*WHAT YOU WILL DO*
When you reach the line containing "隨后,在楊彥等的陪同下,王奇" in the data below, begin returning lines exactly as written, and stop once the line containing "浙江關(guān)于做好20" has been returned.

*Items listed in a dataset*
----------------------------------------

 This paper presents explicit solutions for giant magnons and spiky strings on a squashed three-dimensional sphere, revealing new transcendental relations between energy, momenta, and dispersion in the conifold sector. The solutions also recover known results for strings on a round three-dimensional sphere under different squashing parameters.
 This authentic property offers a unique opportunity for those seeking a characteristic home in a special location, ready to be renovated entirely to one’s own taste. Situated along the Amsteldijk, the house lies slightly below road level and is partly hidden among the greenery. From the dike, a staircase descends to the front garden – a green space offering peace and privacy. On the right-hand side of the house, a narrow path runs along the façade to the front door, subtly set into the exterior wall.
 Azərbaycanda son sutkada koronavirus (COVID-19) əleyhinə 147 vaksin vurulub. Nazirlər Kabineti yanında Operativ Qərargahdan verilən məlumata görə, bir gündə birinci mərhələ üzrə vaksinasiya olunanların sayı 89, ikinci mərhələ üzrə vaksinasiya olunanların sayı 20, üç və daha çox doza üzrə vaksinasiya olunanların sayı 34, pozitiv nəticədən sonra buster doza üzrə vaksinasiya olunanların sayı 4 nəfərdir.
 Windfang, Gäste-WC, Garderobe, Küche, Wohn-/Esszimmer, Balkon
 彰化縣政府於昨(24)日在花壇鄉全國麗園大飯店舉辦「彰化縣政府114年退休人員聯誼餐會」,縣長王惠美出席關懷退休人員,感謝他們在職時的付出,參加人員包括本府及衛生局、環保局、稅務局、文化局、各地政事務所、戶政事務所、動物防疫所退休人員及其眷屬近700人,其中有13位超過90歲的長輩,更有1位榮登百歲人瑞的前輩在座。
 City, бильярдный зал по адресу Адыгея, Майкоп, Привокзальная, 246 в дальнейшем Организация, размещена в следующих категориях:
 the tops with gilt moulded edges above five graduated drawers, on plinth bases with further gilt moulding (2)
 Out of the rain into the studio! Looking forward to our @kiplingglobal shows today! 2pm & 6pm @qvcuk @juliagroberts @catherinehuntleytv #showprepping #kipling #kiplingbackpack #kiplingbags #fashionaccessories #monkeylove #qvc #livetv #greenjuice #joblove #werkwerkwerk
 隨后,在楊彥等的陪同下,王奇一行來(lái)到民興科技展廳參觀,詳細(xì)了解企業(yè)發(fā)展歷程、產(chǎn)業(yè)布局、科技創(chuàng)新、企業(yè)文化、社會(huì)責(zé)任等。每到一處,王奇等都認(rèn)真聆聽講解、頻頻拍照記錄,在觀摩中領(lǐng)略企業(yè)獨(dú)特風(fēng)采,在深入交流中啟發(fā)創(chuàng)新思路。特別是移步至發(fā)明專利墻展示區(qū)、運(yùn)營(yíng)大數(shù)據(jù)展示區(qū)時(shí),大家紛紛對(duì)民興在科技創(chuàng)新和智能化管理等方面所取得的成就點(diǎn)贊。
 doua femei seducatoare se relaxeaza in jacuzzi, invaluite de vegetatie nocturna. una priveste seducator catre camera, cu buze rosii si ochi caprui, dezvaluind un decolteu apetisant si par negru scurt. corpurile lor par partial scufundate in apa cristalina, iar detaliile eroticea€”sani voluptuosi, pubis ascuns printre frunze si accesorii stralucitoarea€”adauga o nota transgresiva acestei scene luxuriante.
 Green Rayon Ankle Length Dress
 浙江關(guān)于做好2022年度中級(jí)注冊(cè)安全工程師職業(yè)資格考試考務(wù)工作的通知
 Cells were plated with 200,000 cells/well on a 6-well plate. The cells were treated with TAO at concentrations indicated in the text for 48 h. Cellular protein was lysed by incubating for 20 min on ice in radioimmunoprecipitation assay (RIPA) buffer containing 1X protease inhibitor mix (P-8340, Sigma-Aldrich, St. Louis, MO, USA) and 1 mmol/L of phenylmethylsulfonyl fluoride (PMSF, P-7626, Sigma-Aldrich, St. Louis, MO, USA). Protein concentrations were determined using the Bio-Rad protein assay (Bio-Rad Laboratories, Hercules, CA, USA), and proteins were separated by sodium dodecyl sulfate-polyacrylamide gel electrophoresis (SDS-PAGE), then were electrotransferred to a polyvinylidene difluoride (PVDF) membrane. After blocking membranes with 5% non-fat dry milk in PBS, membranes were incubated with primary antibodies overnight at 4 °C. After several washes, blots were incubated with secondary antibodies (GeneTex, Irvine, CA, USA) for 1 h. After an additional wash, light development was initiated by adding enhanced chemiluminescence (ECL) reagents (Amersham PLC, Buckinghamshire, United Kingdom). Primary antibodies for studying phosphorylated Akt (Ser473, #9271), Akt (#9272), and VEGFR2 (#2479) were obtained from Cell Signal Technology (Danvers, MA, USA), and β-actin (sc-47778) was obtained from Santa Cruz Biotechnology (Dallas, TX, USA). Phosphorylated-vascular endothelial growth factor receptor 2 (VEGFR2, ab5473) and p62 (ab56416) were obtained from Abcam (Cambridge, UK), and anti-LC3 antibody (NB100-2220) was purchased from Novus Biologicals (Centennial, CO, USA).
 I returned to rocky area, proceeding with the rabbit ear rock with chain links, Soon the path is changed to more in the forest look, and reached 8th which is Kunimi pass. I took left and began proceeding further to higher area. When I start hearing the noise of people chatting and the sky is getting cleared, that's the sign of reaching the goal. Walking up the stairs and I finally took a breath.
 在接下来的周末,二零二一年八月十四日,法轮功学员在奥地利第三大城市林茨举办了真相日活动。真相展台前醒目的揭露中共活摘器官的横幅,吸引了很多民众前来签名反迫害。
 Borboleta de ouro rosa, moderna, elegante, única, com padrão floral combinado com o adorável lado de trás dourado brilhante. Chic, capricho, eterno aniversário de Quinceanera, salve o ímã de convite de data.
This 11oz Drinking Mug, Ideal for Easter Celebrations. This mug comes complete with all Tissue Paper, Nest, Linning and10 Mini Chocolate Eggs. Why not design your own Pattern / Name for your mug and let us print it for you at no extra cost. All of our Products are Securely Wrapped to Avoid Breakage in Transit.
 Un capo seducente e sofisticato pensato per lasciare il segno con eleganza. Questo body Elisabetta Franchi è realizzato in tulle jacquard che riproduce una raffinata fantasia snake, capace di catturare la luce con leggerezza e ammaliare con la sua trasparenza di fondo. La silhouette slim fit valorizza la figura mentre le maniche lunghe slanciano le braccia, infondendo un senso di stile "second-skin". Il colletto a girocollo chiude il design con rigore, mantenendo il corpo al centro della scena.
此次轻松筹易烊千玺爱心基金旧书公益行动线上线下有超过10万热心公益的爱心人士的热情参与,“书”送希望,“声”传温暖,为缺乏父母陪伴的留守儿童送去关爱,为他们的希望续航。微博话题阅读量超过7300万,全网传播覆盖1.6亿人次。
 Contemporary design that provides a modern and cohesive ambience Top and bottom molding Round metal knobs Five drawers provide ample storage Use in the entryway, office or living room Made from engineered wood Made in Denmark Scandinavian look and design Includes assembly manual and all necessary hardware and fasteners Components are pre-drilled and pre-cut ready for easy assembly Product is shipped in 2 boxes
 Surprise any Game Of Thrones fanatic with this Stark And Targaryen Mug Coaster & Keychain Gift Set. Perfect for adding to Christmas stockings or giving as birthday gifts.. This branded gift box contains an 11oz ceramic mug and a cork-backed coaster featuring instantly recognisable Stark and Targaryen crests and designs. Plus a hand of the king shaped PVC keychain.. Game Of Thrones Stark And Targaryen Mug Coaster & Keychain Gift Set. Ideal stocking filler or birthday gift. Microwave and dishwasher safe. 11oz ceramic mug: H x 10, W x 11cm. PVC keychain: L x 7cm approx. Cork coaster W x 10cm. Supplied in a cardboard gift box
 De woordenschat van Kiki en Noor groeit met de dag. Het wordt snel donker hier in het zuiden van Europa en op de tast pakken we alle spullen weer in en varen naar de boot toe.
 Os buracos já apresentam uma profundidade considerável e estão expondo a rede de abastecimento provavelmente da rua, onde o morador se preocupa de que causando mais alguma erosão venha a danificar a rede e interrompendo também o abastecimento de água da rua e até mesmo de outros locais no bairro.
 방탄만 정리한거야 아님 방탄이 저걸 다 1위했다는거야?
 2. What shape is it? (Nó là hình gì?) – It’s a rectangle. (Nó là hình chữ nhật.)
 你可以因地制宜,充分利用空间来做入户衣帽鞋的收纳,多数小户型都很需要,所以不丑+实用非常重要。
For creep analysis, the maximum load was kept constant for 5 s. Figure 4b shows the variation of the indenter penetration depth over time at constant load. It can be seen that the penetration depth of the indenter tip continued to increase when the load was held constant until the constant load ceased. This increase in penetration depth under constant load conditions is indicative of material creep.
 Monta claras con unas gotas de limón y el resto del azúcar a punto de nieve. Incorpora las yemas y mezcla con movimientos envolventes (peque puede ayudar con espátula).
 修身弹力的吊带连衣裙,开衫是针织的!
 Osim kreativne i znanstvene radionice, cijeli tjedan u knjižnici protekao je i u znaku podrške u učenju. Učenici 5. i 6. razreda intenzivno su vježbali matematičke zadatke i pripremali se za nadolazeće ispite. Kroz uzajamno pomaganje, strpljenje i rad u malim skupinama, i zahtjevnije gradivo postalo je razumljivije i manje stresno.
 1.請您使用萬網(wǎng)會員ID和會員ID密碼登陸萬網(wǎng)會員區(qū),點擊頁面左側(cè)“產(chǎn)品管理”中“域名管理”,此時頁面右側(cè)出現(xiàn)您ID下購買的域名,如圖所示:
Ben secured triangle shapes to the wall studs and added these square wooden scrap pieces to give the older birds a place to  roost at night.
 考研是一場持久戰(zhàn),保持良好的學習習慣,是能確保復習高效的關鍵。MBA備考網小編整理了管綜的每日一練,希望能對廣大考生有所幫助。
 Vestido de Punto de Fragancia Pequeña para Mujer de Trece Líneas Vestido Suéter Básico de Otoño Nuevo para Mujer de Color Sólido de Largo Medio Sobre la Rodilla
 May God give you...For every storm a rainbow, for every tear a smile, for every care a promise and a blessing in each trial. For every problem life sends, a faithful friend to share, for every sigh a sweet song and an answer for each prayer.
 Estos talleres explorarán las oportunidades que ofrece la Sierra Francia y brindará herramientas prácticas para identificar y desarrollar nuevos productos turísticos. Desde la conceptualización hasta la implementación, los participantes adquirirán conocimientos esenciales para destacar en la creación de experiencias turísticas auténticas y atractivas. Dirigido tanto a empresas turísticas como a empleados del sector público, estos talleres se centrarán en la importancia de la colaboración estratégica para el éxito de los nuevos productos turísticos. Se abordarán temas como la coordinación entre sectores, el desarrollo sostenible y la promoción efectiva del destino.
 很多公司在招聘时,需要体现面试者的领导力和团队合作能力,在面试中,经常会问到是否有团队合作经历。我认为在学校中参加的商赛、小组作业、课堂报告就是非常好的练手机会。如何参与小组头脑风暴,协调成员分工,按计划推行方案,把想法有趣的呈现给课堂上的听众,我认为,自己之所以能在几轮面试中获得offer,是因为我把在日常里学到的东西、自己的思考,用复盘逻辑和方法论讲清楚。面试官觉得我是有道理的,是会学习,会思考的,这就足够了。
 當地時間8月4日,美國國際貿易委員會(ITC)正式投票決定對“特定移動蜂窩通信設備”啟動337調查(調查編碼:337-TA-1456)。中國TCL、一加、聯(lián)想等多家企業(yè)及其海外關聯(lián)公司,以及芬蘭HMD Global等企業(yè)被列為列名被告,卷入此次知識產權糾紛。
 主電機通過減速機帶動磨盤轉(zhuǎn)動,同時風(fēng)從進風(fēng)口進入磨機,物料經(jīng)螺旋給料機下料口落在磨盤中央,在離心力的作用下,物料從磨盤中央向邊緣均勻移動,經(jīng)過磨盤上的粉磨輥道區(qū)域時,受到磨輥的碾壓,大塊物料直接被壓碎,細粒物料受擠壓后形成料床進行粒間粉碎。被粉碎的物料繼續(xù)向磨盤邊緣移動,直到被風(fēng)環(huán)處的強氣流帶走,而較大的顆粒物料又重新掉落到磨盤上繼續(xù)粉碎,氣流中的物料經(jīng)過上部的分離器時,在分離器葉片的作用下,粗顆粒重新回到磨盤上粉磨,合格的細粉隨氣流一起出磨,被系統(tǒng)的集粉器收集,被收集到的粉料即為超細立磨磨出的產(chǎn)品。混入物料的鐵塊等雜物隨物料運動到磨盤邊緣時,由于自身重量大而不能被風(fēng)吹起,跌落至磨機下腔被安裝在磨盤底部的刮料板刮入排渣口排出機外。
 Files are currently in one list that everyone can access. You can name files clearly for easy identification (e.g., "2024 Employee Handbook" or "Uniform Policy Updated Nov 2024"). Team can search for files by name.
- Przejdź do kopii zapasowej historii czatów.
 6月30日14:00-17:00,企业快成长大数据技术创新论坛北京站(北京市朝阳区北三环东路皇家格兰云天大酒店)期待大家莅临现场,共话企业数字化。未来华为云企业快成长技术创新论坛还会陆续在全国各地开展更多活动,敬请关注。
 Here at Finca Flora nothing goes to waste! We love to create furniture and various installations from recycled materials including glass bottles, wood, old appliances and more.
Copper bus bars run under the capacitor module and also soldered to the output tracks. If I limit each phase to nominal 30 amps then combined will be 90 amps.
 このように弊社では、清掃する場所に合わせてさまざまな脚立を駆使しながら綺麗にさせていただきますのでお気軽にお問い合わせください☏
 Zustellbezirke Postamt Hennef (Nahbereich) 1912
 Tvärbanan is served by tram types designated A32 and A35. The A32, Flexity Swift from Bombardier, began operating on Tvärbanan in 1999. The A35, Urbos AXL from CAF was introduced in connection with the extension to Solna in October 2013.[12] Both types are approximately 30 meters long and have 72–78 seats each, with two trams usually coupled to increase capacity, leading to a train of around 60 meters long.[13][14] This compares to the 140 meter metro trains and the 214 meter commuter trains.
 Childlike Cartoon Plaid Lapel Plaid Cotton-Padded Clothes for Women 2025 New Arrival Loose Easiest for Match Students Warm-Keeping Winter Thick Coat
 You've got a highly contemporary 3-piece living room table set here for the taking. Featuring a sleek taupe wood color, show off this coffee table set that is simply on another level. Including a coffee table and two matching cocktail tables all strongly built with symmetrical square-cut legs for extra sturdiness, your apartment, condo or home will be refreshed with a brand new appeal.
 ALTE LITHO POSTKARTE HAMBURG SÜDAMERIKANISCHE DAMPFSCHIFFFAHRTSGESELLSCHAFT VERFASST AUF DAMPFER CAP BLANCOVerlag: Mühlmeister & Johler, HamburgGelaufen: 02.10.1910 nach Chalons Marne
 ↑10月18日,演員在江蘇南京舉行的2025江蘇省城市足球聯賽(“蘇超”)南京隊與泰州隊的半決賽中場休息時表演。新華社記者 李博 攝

----------------------------------------

*ANSWER TO THIS TASK*
 隨后,在楊彥等的陪同下,王奇一行來(lái)到民興科技展廳參觀,詳細(xì)了解企業(yè)發(fā)展歷程、產(chǎn)業(yè)布局、科技創(chuàng)新、企業(yè)文化、社會(huì)責(zé)任等。每到一處,王奇等都認(rèn)真聆聽講解、頻頻拍照記錄,在觀摩中領(lǐng)略企業(yè)獨(dú)特風(fēng)采,在深入交流中啟發(fā)創(chuàng)新思路。特別是移步至發(fā)明專利墻展示區(qū)、運(yùn)營(yíng)大數(shù)據(jù)展示區(qū)時(shí),大家紛紛對(duì)民興在科技創(chuàng)新和智能化管理等方面所取得的成就點(diǎn)贊。
 doua femei seducatoare se relaxeaza in jacuzzi, invaluite de vegetatie nocturna. una priveste seducator catre camera, cu buze rosii si ochi caprui, dezvaluind un decolteu apetisant si par negru scurt. corpurile lor par partial scufundate in apa cristalina, iar detaliile eroticea€”sani voluptuosi, pubis ascuns printre frunze si accesorii stralucitoarea€”adauga o nota transgresiva acestei scene luxuriante.
 Green Rayon Ankle Length Dress
 浙江關(guān)于做好2022年度中級(jí)注冊(cè)安全工程師職業(yè)資格考試考務(wù)工作的通知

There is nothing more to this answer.